Reste au moins un point précis, qui ressort de ces échanges : « J’ai obtenu que soit sanctuarisée la solution trouvée par le Sénat pour protéger l’investissement des collectivités territoriales », soutient Mathieu Darnaud. Pour rappel, le Sénat veut ramener de 5 à 2 milliards d’euros l’effort demandé aux collectivités. « Un accord courageux », a salué dans Le Parisien Amélie de Montchalin. « On a beaucoup dit ce matin qu’il en va de la capacité d’investissement des collectivités et, très clairement, du dynamisme économique », souligne le patron des sénateurs LR. Pour caler encore certains points, le rapporteur général du budget au Sénat, le sénateur LR Jean-François Husson, est allé rendre visite, mercredi après-midi, au nouveau ministre de l’Aménagement du territoire et de la Décentralisation, François Rebsamen.
« Sur les retraites, si tant est qu’il y ait une décision, le gouvernement nous en aurait parlé ce matin »
Et quid alors des retraites ? En sortant de Bercy, la gauche a salué une ouverture. Le gouvernement ne présente « pas de véto », a expliqué jeudi matin sur TF1 le numéro 1 du PS, Olivier Faure, précisant : « Sur l’ensemble, y compris sur l’âge » de départ à la retraite, relevé de 62 à 64 ans par la réforme de 2023. Petit problème : devant les LR, les ministres semblent ne pas avoir tenu le même discours…

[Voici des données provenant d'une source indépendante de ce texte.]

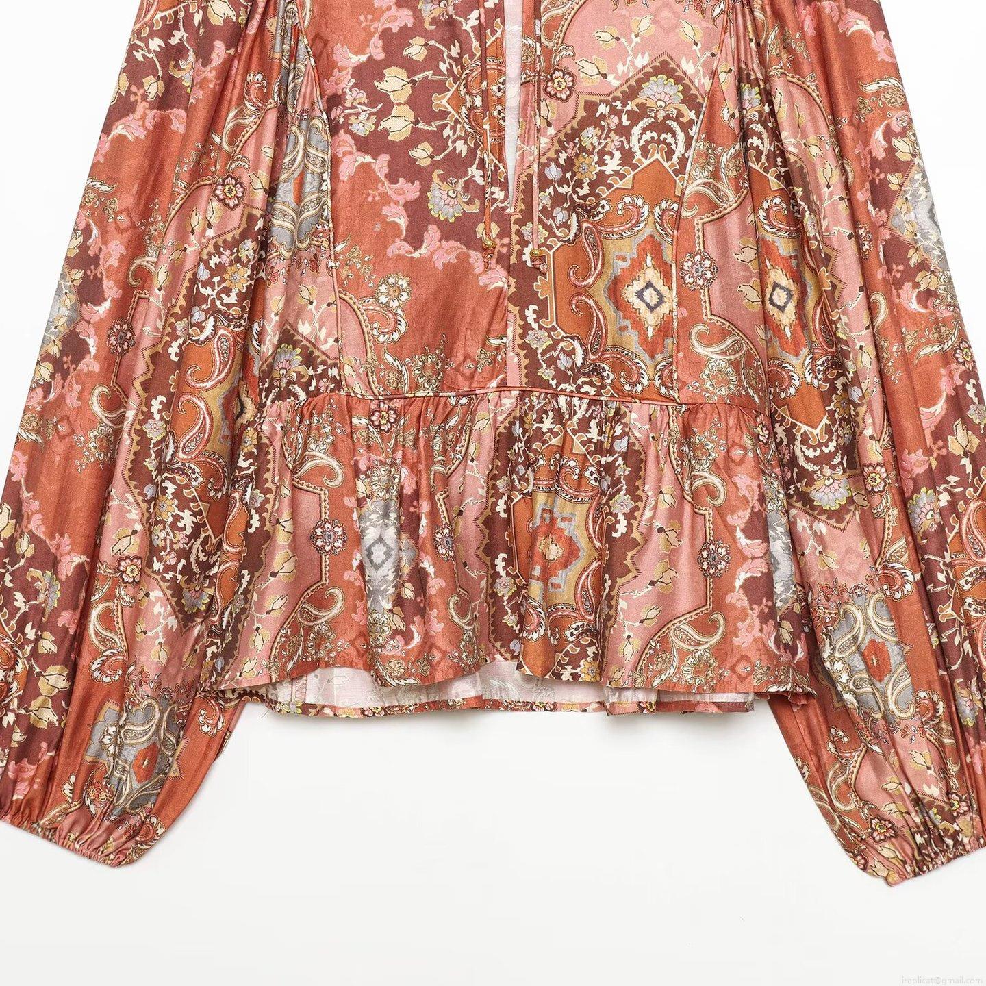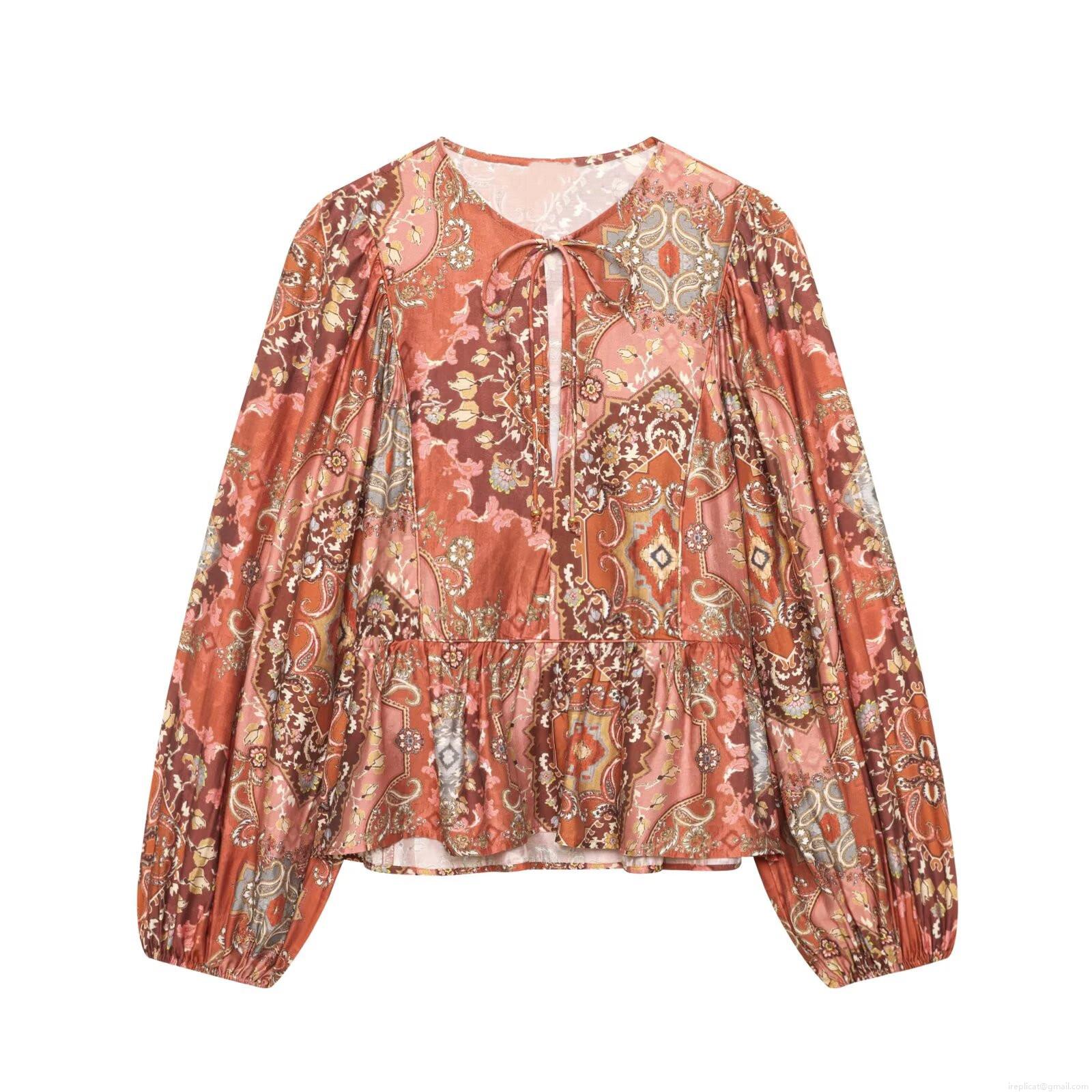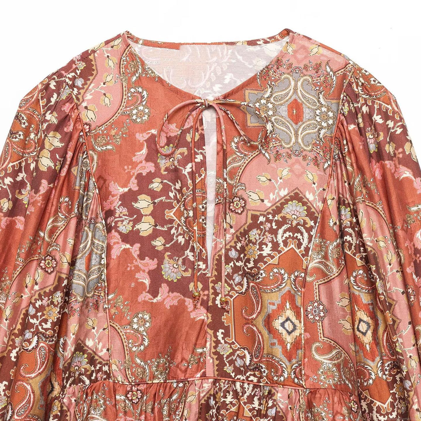 • Women Bohemian Paisley Print Long Sleeve Blouse Top With Tie Neck Ruffle Hem Loose Fit Polyester Casual Tunic Shirt For Travel Daily Vacation
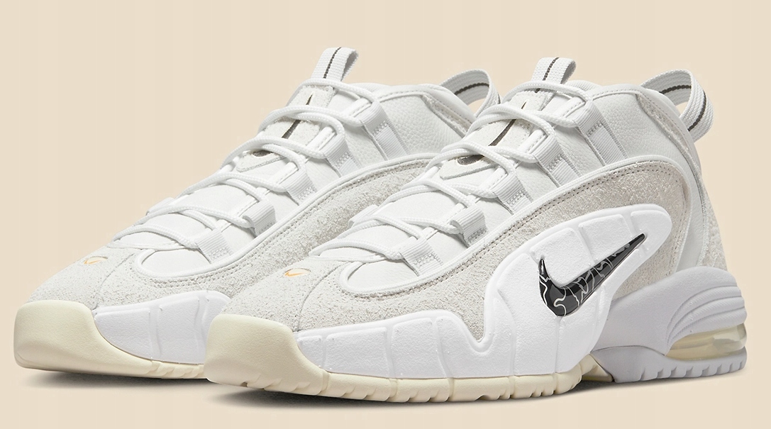 Nike Air Max Penny 1 PRM Photon Dust має верхню частину, яка поєднання світло-сірої нечіткої замші та білої зернистої шкіри. На панелі ми знаходимо чорну галочку з боків, яка відповідає фірмовим знакам, зокрема на п’яті та язику. Цей майже монохромний набір підтримується двокольоровою біло-бежевою підошвою Air-Sole.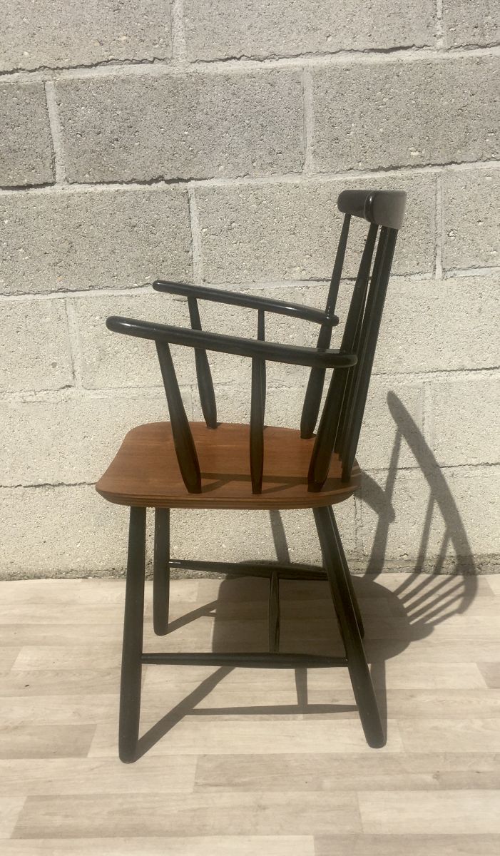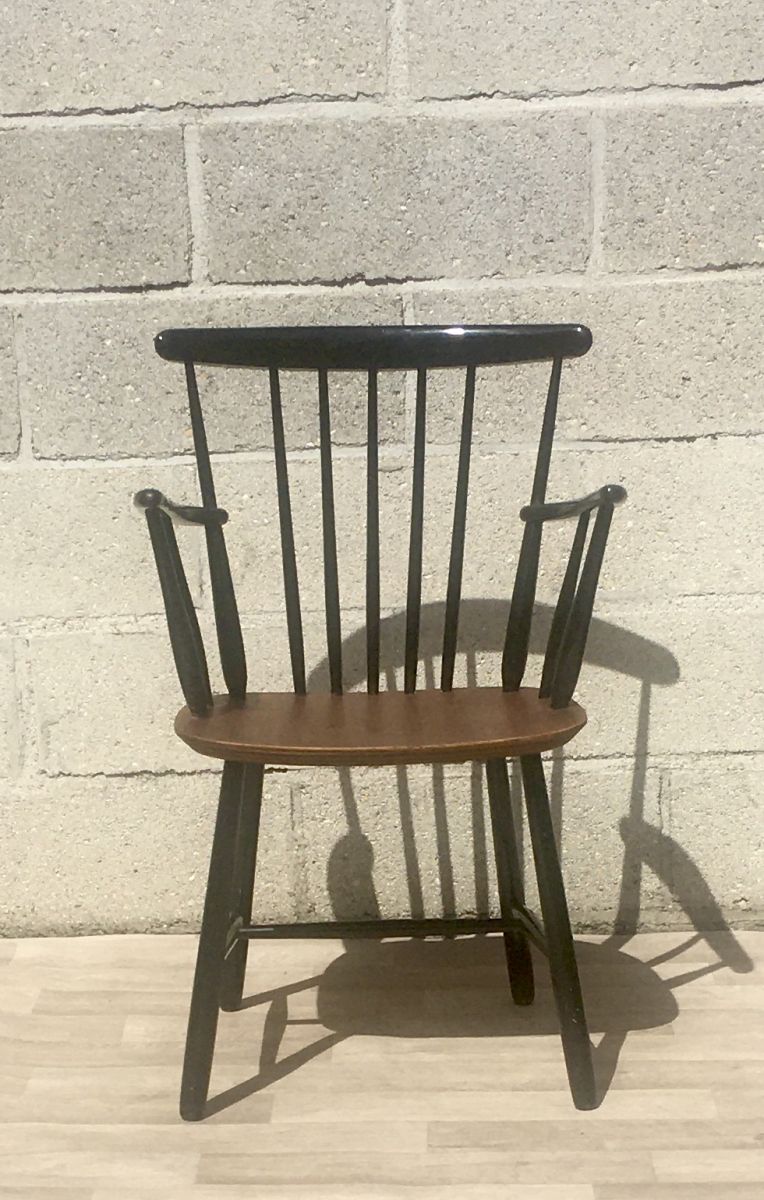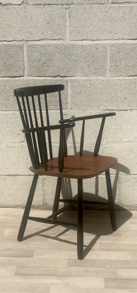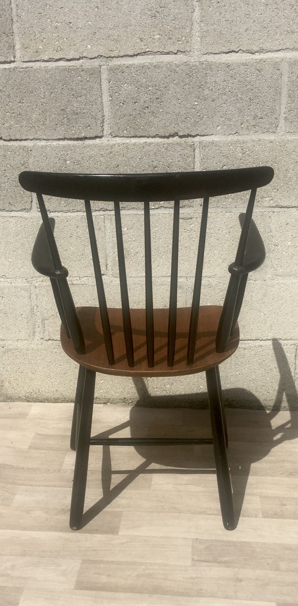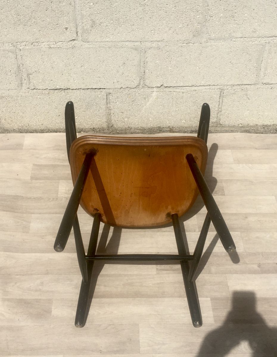 ♻️Fauteuil vintage design scandinave en bois laqué noir et assise couleur miel. Structure en bel état solide et stable, belle patine avec quelques traces d'usage .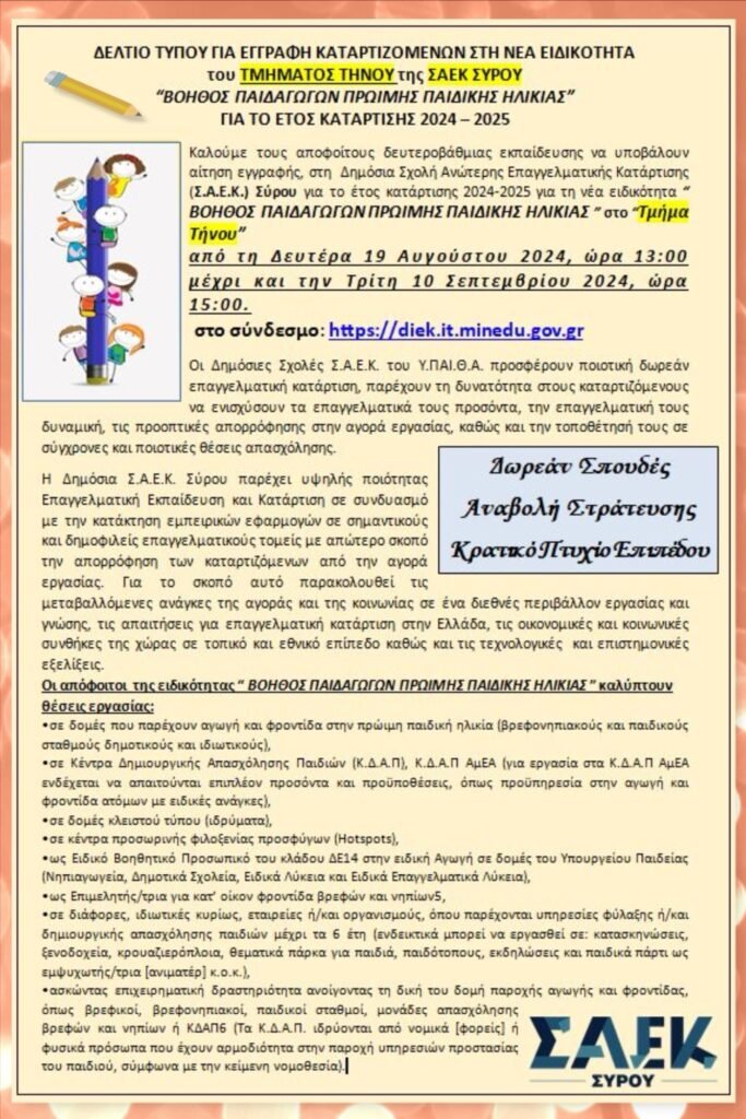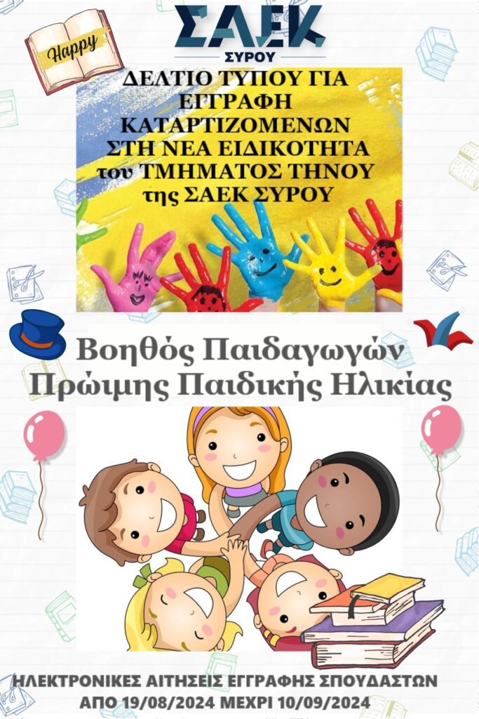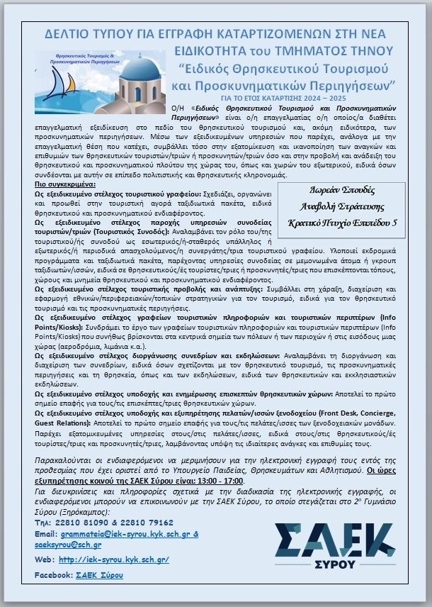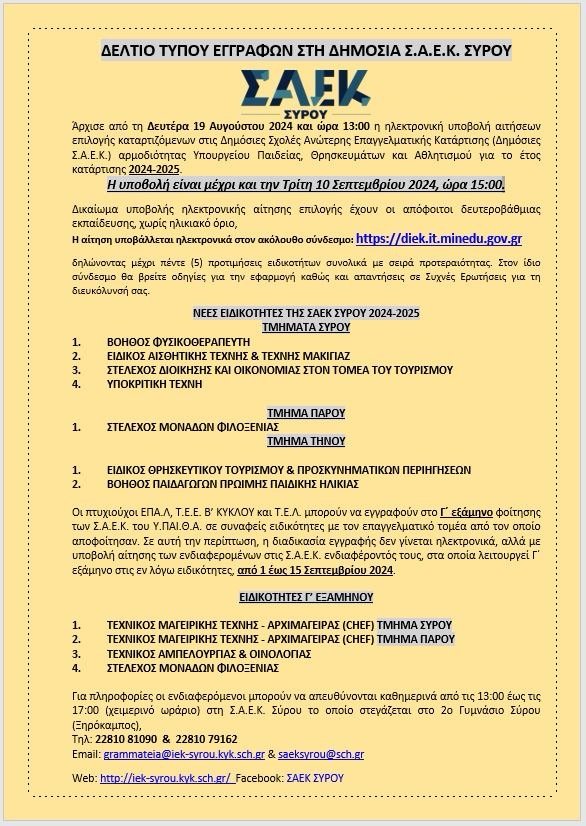 ΝΕΕΣ ΕΙΔΙΚΟΤΗΤΕΣ ΤΗΣ ΣΑΕΚ ΣΥΡΟΥ 2024-2025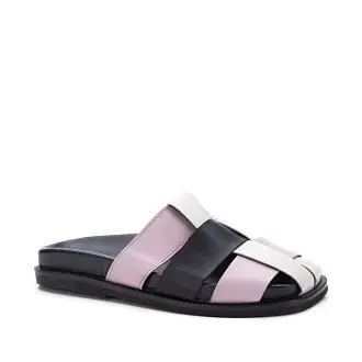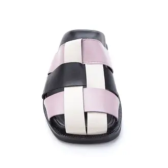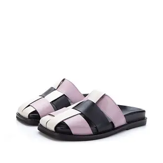 Стильные женские сабо изготовлены из натуральной кожи чёрного и розового оттенков.

« Clairement, ils nous ont dit que pour l’instant, il n’y avait pas de changement. Pour eux, à ce stade, il n’y a pas de changement acté par rapport à l’existant », assure Mathieu Darnaud, qui insiste : « Si tant est qu’il y ait une décision, le gouvernement nous en aurait parlé ce matin ». A moins qu’il cherche à ne pas froisser (tout de suite) son allié LR… ou qu’il mène en bateau la gauche. Réponse certainement le 14 janvier, lors du discours de politique générale.
La droite ne semble en tout état de cause pas être dans une optique du tout ou rien. « Tout le monde a à cœur qu’il y ait un budget voté. Quand on sait les conséquences que pourrait entraîner une nouvelle censure, sur la hausse des taux d’intérêt, en matière d’emprunt », met en garde le président du groupe LR du Sénat. Mais Mathieu Darnaud a besoin d’en savoir plus, pour se prononcer clairement : « S’il doit y avoir des évolutions, des inflexions, il faut qu’on les connaisse. On veut juger sur pièce ».